Interesting. Does it release memory without the patch?
msg96056 - (view) Author: Valentin Kuznetsov (vkuznet) Date: 2009-12-07 15:38
Nope, all three json's implementation do not release the memory. I used 
your patched one, the one shipped with 2.6 and cjson. The one which comes 
with 2.6, reach 2GB, then release 200MB and stays with 1.8GB during 
sleep. The cjson reaches 1.5GB mark and stays there. But all three 
release another 100-200MB just before the exit (one top cycle before 
process disappear). I used sleep of 20 seconds, so I'm pretty sure memory 
was not released during that time, since I watched the process with idle 
CPU.
msg96057 - (view) Author: Antoine Pitrou (pitrou) * (Python committer) Date: 2009-12-07 15:43
> Nope, all three json's implementation do not release the memory. I used 
> your patched one, the one shipped with 2.6 and cjson. The one which comes 
> with 2.6, reach 2GB, then release 200MB and stays with 1.8GB during 
> sleep. The cjson reaches 1.5GB mark and stays there. But all three 
> release another 100-200MB just before the exit (one top cycle before 
> process disappear). I used sleep of 20 seconds, so I'm pretty sure memory 
> was not released during that time, since I watched the process with idle 
> CPU.

Do you destroy the decoded data, though? If you keep it in memory
there's no chance that a lot of memory will be released.
msg96059 - (view) Author: Valentin Kuznetsov (vkuznet) Date: 2009-12-07 15:51
I made data local, but adding del shows the same behavior.
This is the test

def test():
    source = open('mangled.json', 'r')
    data = json.load(source)
    source.close()
    del data
test()
time.sleep(20)
msg96068 - (view) Author: Shawn (swalker) Date: 2009-12-07 20:40
The attached patch doubles write times for my particular case when
applied to simplejson trunk using python 2.6.2.  Not good.
msg96070 - (view) Author: Antoine Pitrou (pitrou) * (Python committer) Date: 2009-12-07 20:43
> The attached patch doubles write times for my particular case when
> applied to simplejson trunk using python 2.6.2.  Not good.
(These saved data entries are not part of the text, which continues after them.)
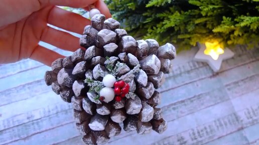 Елочная игрушка звезда из сосновой шишки, новогодняя игрушка своими руками
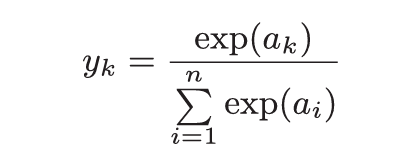可以观察到, yk的和为1, 我们可以把softmax的输出解释为概率, 所以一般用于分类模型中, 一般而言, 神经网络只把输出值最大的神经元对应的类别作为识别结果. 且exp为递增函数, 故在进行推理阶段时, softmax函数可以省略.
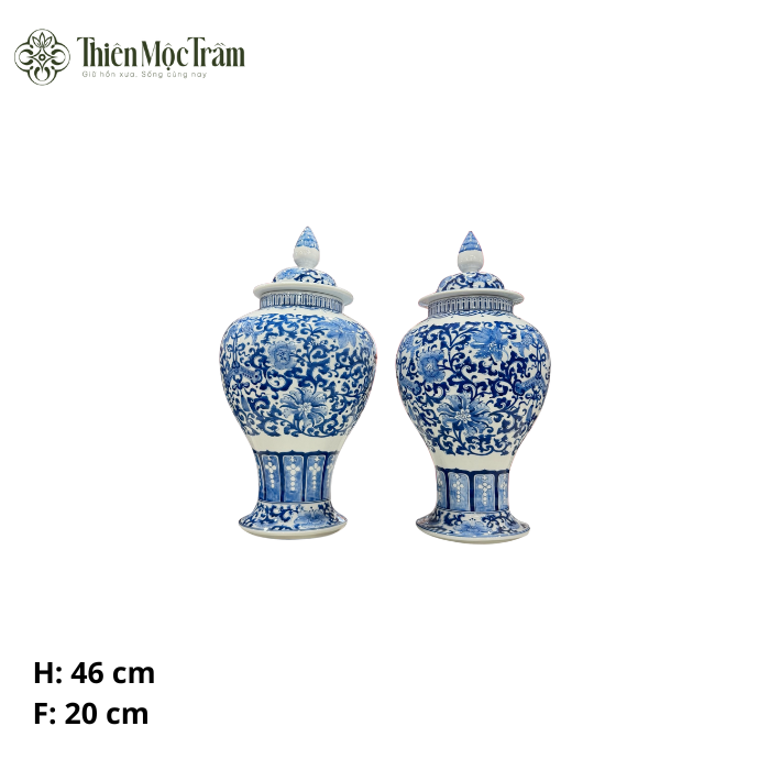 Đôi choé men lam được chế tác theo đúng kỹ thuật gốm truyền thống Bát Tràng, nổi bật với lớp men lam cổ và hoa văn vẽ tay hoàn toàn bởi nghệ nhân lâu năm. Dáng choé thắt eo – phình bụng – miệng loe giúp tổng thể hài hòa, sang trọng và chuẩn phong thủy.
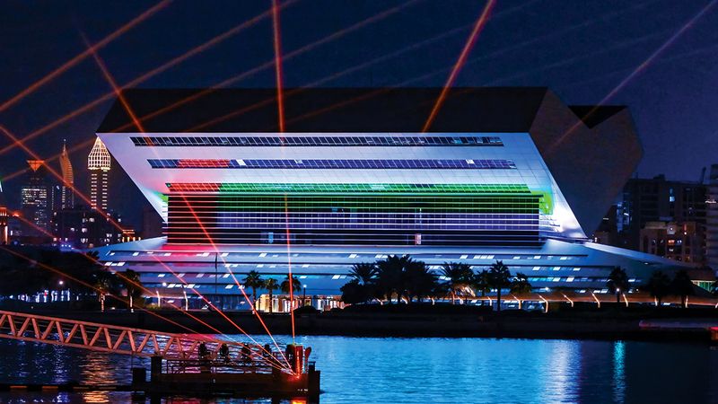 وها هي مكتبة محمد بن راشد تلفت الأنظار بأضواء متلألئة وألوان زاهية، لتصبح رمزاً بارزاً للفرحة الوطنية وروح الاتحاد، وقد انتشرت الأعلام على واجهات المبنى، بينما أضاءت الأنوار الليلية المكتبة، وجعلتها لوحة فنية تنبض بالحياة.
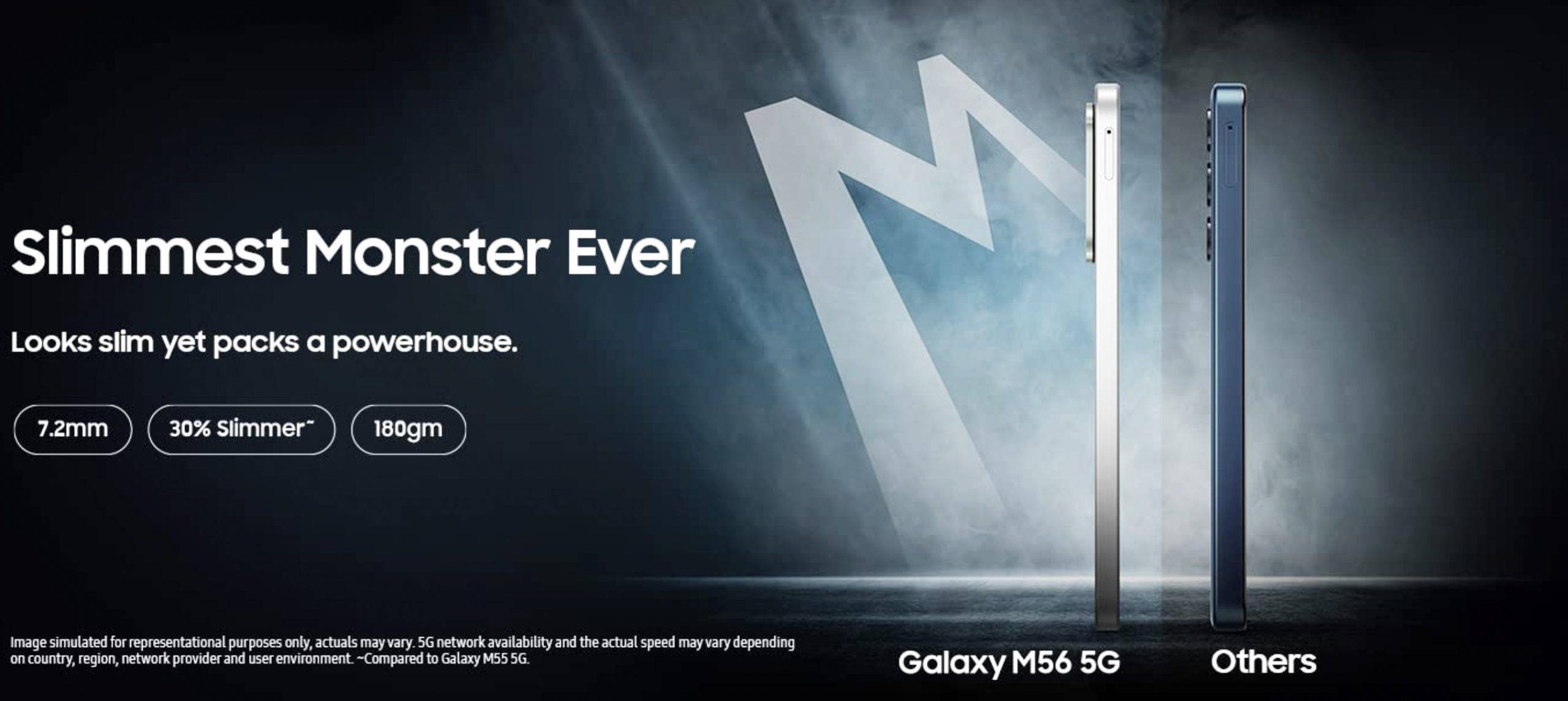 Presenting the Slimmest phone in the segment – the all-new #GalaxyM56 5G. Effortless to hold, and with remarkable power. 7.2mm sleek and 180gm light, this is the #MonsterestMonster. #Samsung pic.twitter.com/XaATiQhzrn
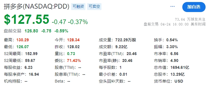 2024年4月24日美股收盤,阿里巴巴最新市值1900.66億美元;拼多多最新市值1694.61億美元;京東最新市值449.98億美元。按照計(jì)算,阿里巴巴市值是京東市值的4.2倍,拼多多市值是京東市值的3.7倍。
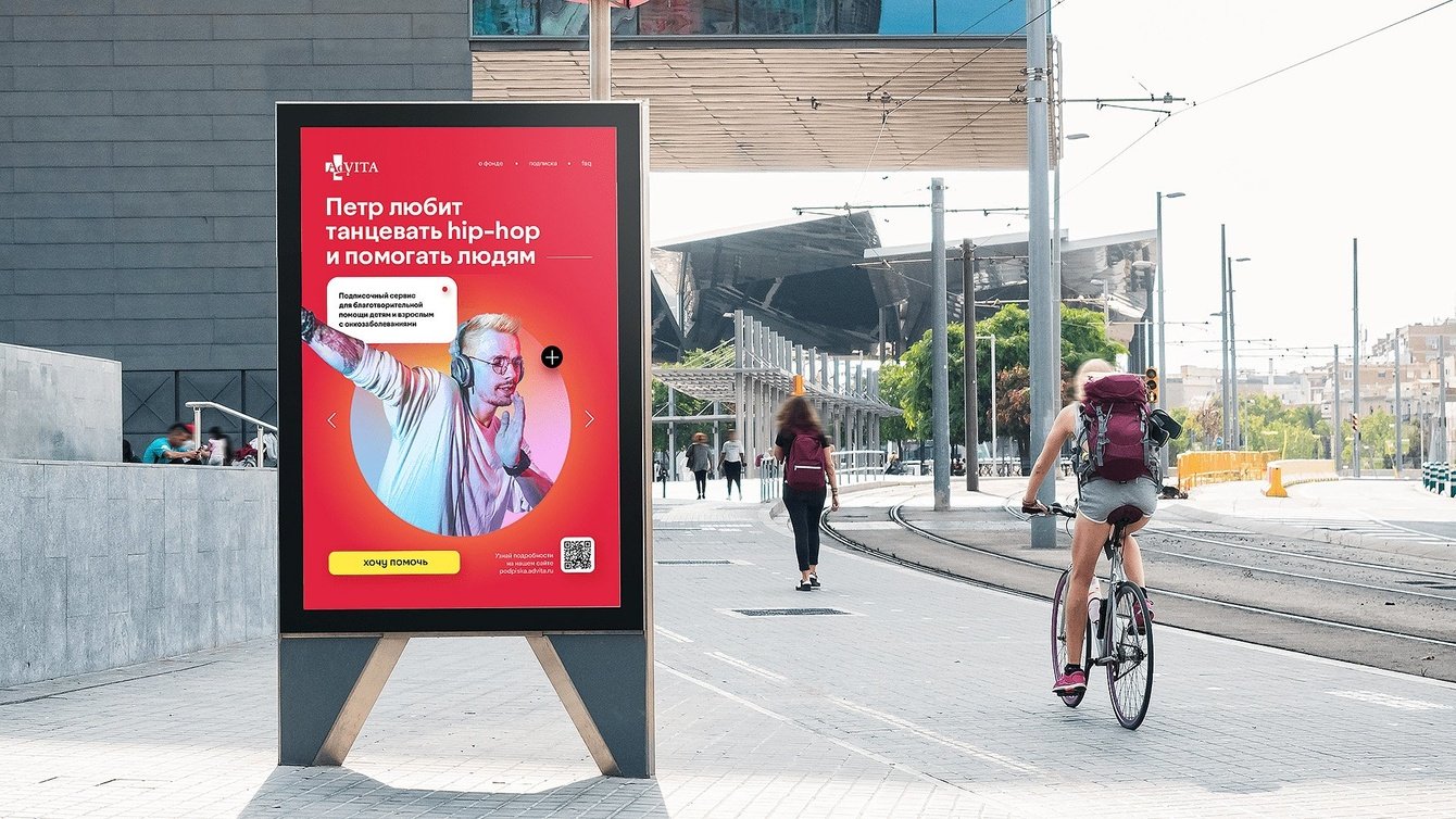 AdVita — благотворительный фонд из Санкт-Петербурга, который помогает людям с онкологическими заболеваниями. Одной из его ключевых особенностей является желание команды фонда использовать позитивные стимулы для пожертвований, а не жалость, как это распространено в данной сфере.
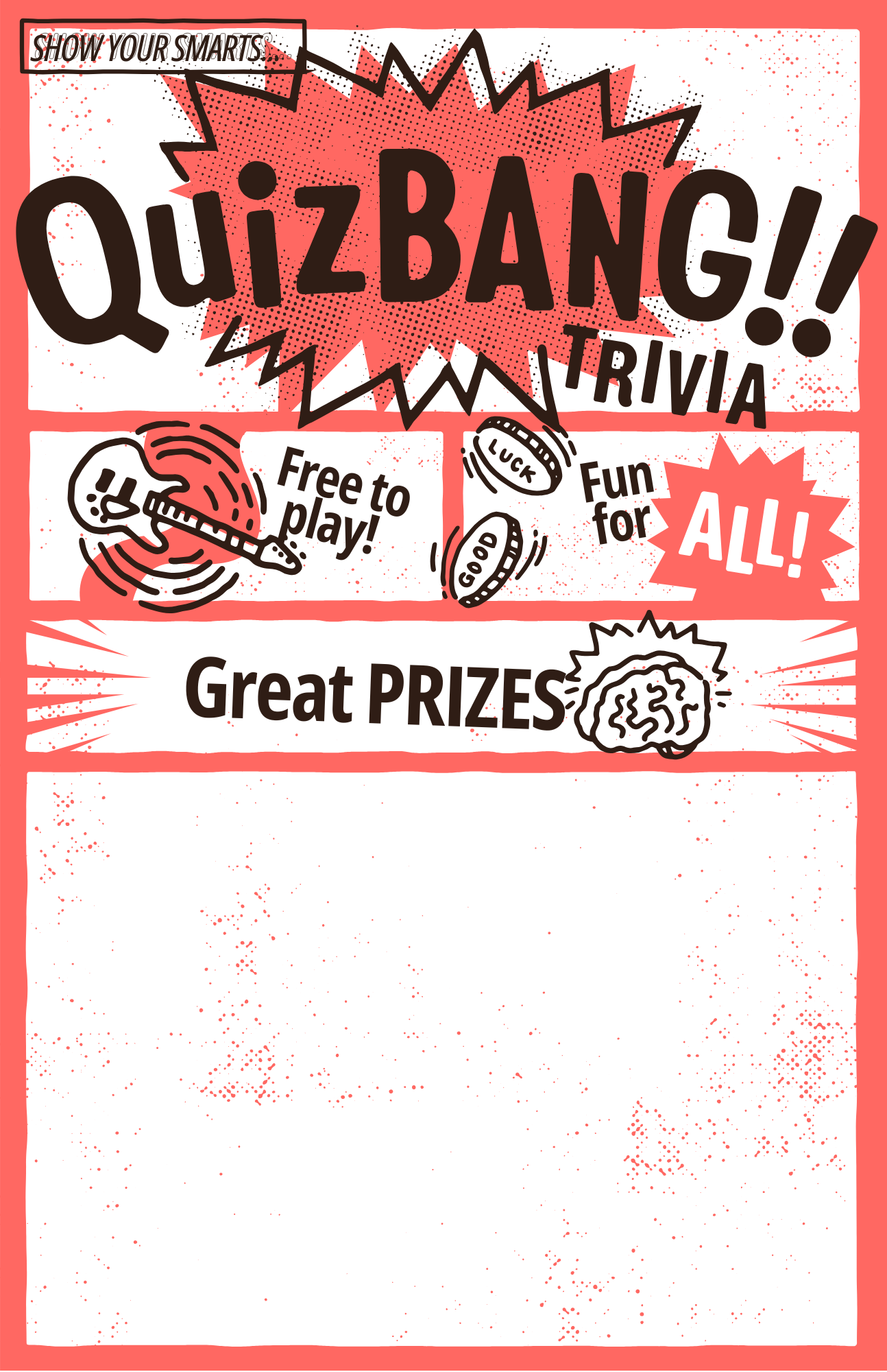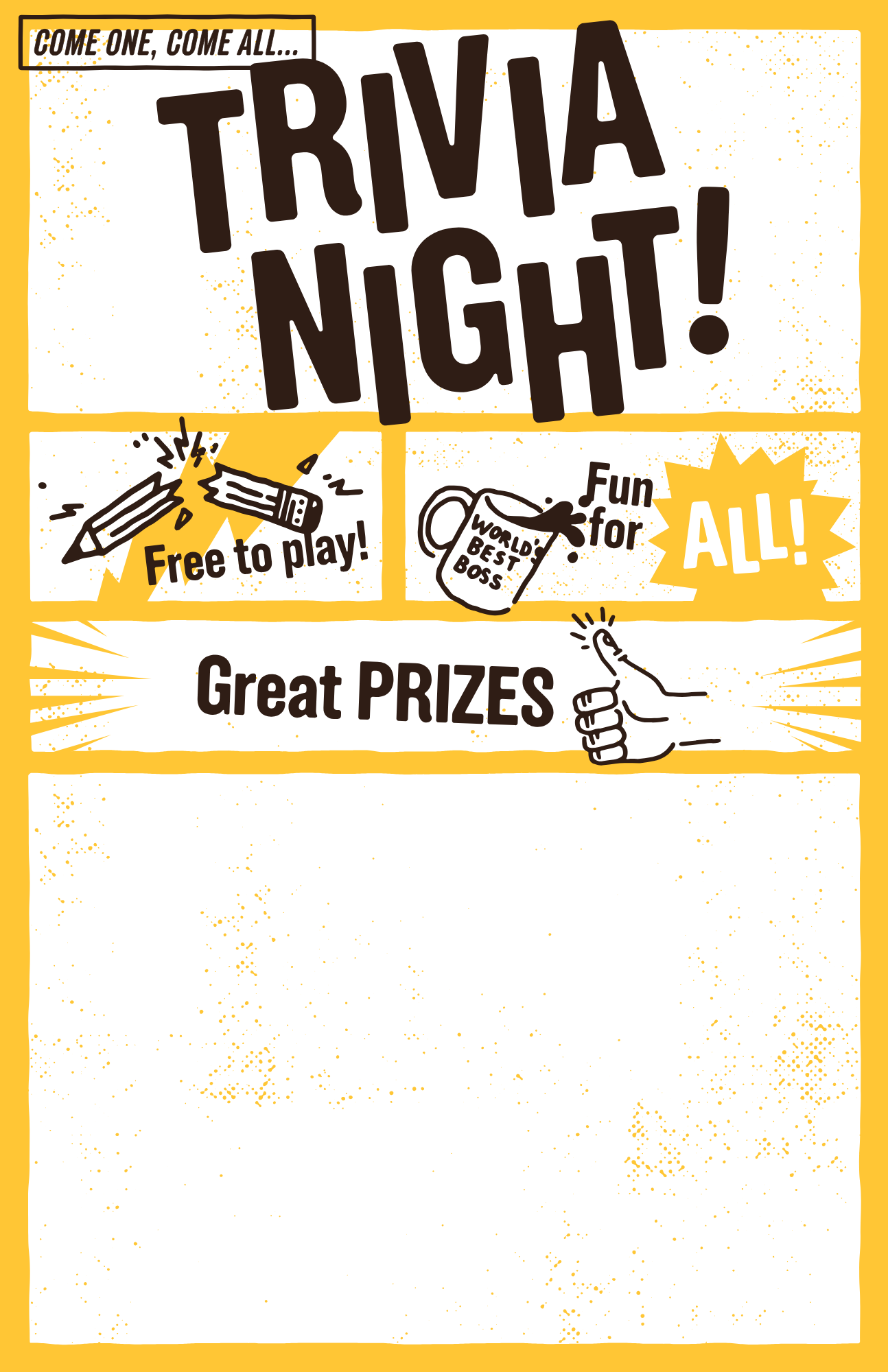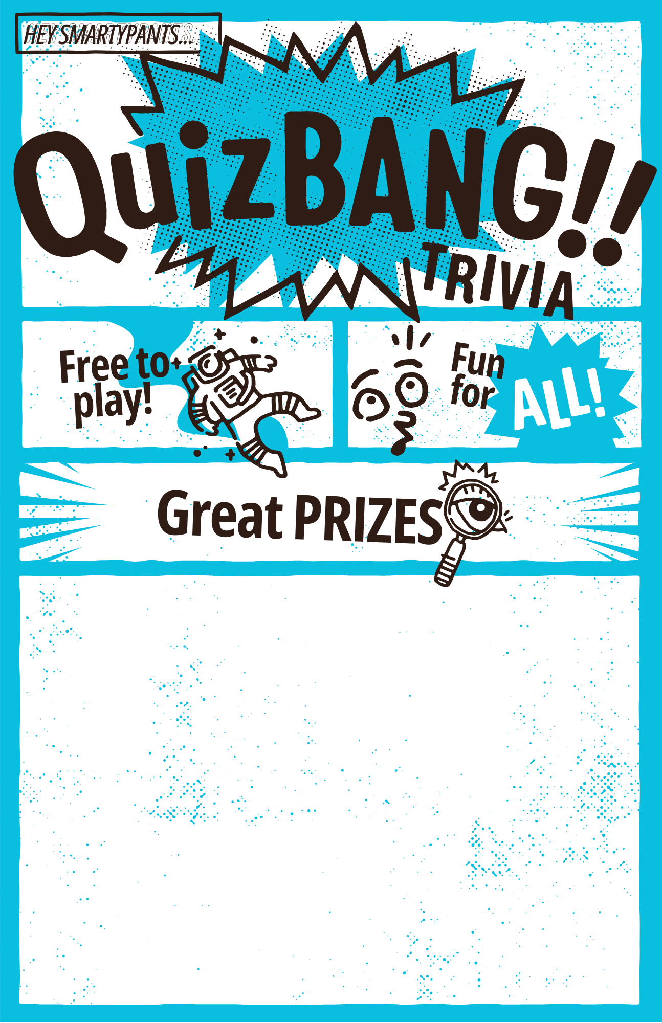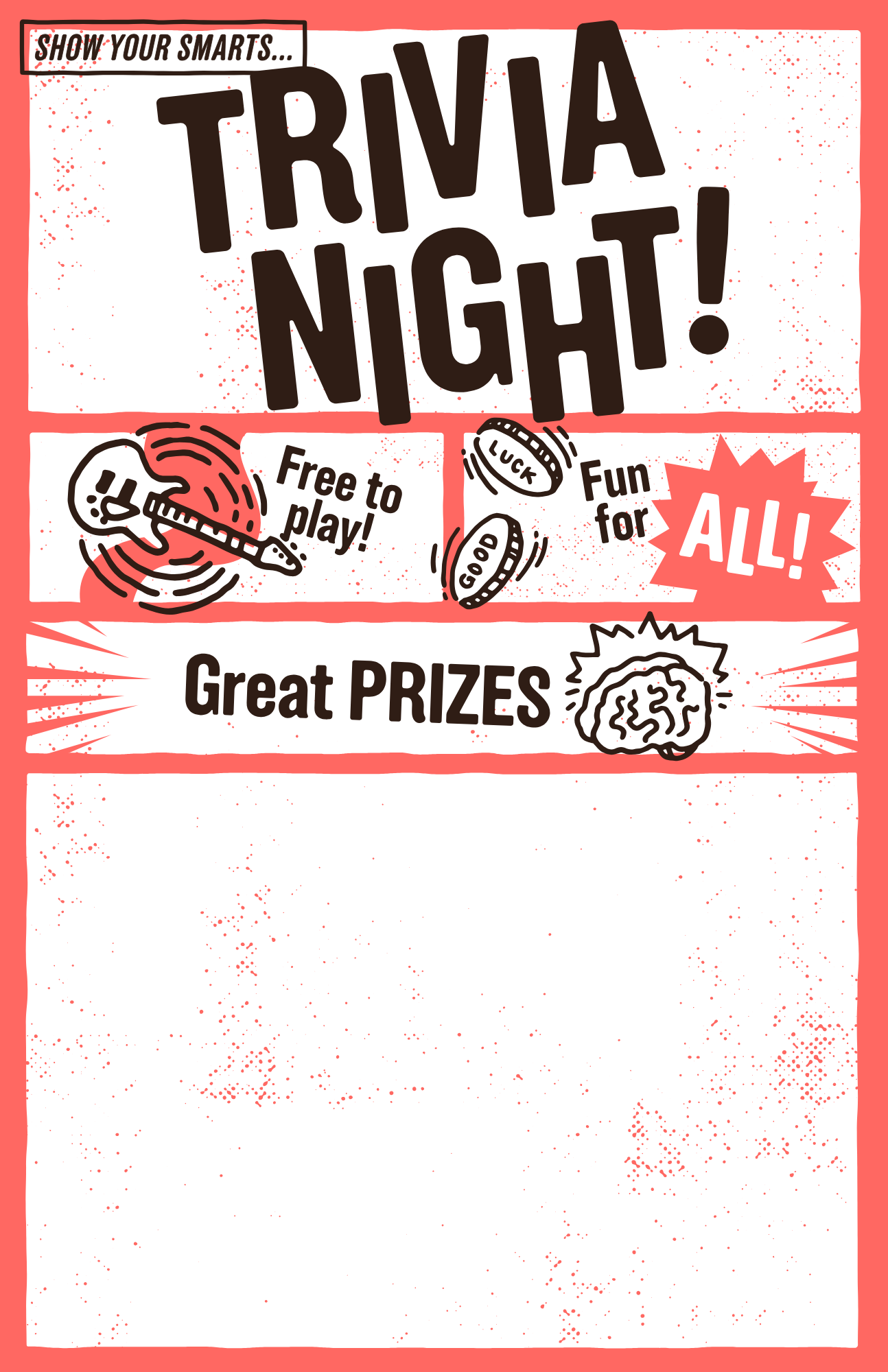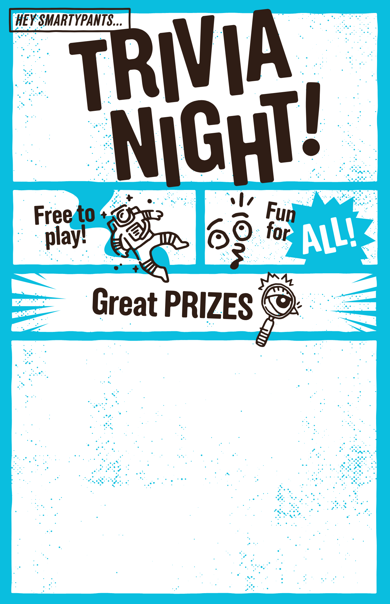 Put them up everywhere - let your patrons know when trivia is happening. Each 11x17” poster design has a blank space for you to add the day and time of your trivia. You can use any program, like Canva, that adds text to images to customize your poster.

What do you mean by "write times"? The patch only affects decoding.
msg96071 - (view) Author: Shawn (swalker) Date: 2009-12-07 20:55
You are right, an environment anomaly let me to falsely believe that
this had somehow affected encoding performance.

I had repeated the test many times with and without the patch using
simplejson trunk and wrongly concluded that the patch was to blame.

After correcting the environment, write performance returned to normal.

This patch seems to perform roughly the same for my decode cases, but
uses about 10-20MB less memory.  My needs are far less than that of the
other poster.

However, this bug is about the serializer (encoder).  So perhaps the
decode performance patch should be a separate bug?
msg96073 - (view) Author: Shawn (swalker) Date: 2009-12-07 21:01
I've attached a sample JSON file that is much slower to write out on
some systems as described in the initial comment.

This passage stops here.